Dynabeads® M-450 Tosylactivated beads (Invitrogen by Life Technologies) were coupled with 50 μg of protein according the manufacturer’s guidelines and as previously shown [27]. Isotype beads were coupled with 10% Purified NA/LE Mouse IgG2a, k isotype control (BD Bioscience), 30% Ultra-LEAF Purified Mouse IgG1, k isotype control (Biolegend) and 60% Ultra-LEAF Purified Human IgG1 isotype control antibody (Biolegend). Stimulatory beads were designed using 5% Purified NA/LE Mouse anti-human CD3 (HIT3a; BD Biosciences), 30% Ultra-LEAF Purified Human IgG1 Isotype control antibody (Biolegend), 15% Ultra-LEAF Purified anti-human CD28 antibody (CD28.2; Biolegend) or Recombinant human B7–1/CD80-Fc Chimera Protein, CF (R&D Systems). Beads were stored in Ca²⁺ and Mg²⁺ free PBS with 0.1% BSA and 2 mM EDTA pH 7.4 at 4 °C.

Healthy donor leukapheresis packs were obtained from the NIH blood bank (protocol 99-CC-0168). T cells were negatively selected using an EasySep Human T cell isolation kit (Stemcell Technologies) and cryopreserved in 90% FBS and 10% DMSO until use. Cells were thawed in a 37°C water bath and cultured overnight in RPMI1640 medium containing 10% fetal bovine serum, 1% penicillin-streptomycin-glutamine, 1% MEM non-essential amino acids solution, 15 mM HEPES, 1 mM sodium pyruvate and 55 μM 2-mercaptoethanol. Cells were plated at 1*10⁵/200 μl in 96-well round-bottom plates with M-450 Tosylactivated beads. Dexamethasone was purchased from Sigma Aldrich (D4902) and dissolved in DMSO. Niviolumab and ipilimumab F(ab’)₂ were used to block PD-1 and CTLA-4, respectively. Ipilimumab F(ab’)₂ was created using a Pierce F(ab’)₂ Preparation Kit per the manufacturer’s instructions (ThermoFisher Scientific, MA, USA). Cells were incubated at 37 °C in 20% O_2, and 5% CO₂ for four days for proliferation analyses and two days for Western blot and qPCR analyses.

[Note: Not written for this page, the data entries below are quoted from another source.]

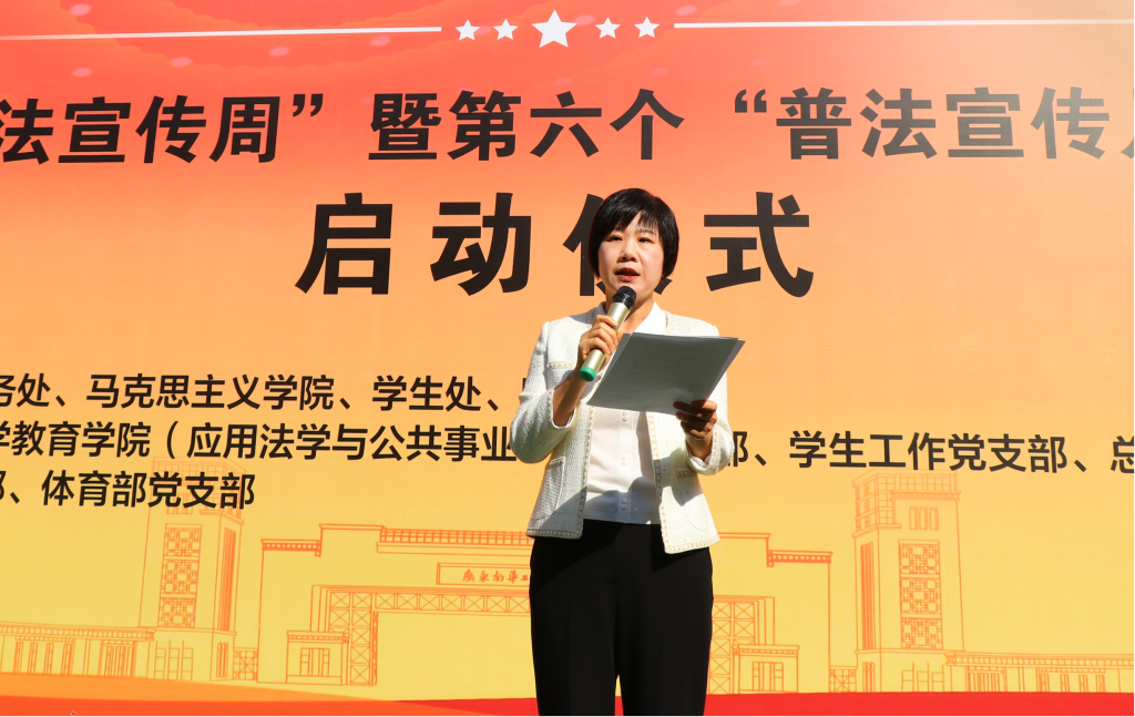 2024年12月4日是我国第十一个“国家宪法日”,学校以“弘扬宪法精神,维护宪法权威”为主题,在清远校区教学楼南侧开展2024年“宪法宣传周”暨“普法宣传月”系列活动启动仪式,学校党委委员、纪委书记黄一梅出席启动仪式并致辞。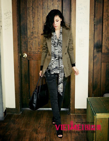 04 军绿色的小西装是很多MM的大爱,搭配深色铅笔裤和鱼嘴高跟鞋,中性气质Look立现,加条黑色印花丝巾,飘逸的灵动感给比较沉闷的颜色带来了层次感,魅力女人味很浓郁。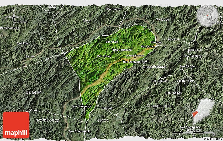 The 3D satellite map represents one of several map types and styles available. Look at Chomphet, Luang Prabang, Laos from different perspectives.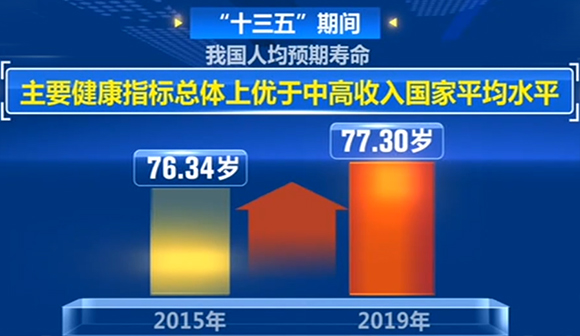 央视网消息:“十三五”期间,我国人均预期寿命从2015年的76.34岁提高到2019年的77.3岁,主要健康指标总体上优于中高收入国家平均水平。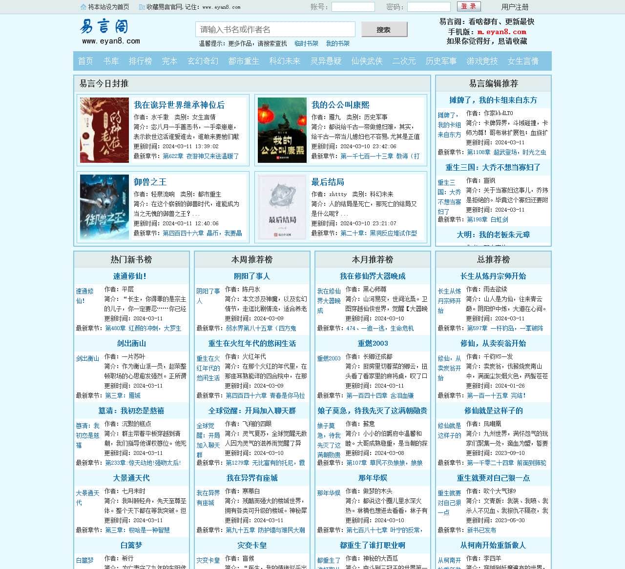 易言阁提供最新免费小说.包括游都市重生,玄幻奇幻,二次元,灵异悬疑,戏竞技,仙侠武侠,历史军事,科幻未来,女生言情等热门分类.找好看的小说,超快网速,更新频繁,为读者提供免费小说,更多精彩尽在易言官网

αCD152-PE (BNI), αCD8α-Pacific-Blue or Alexa 488 (RPA-T8), αCD4-APC (RPA-T4), αCD197-Brilliant Violet 605 (G043H7), and αCD45RO-Brilliant Violet 785(UCHL1) were purchased from BioLegend. Anti-CD4-Brilliant UV 496 (SK3) and anti-CD279-APC (clone EH12.2.2H7) were purchased from eBioscience. Cells were stained for 30 min at room temperature, rinsed with FACS buffer (1% BSA and 0.01% sodium azide in PBS), fixed with 4% paraformaldehyde (Alfa Aesar, WA, USA), and resuspended in FACS buffer for flow cytometry analysis. Cell Cycle analysis was conducted using a Click-iT® Edu Flow Cytometry Assay Kit (Invitrogen, Carlsbad, CA, USA) per the manufacturer’s instructions. Cell apoptosis was investigated using Annexin V-Pacific Blue (Biolegend, San Diego, CA, USA) and propidium iodide (Sigma Aldrich, MO, USA). Data were acquired on a BD LSR Fortessa SORP II or LSR Fortessa X50, analyzed with Flowjo version 9.9.4 and SPICE version 5.35.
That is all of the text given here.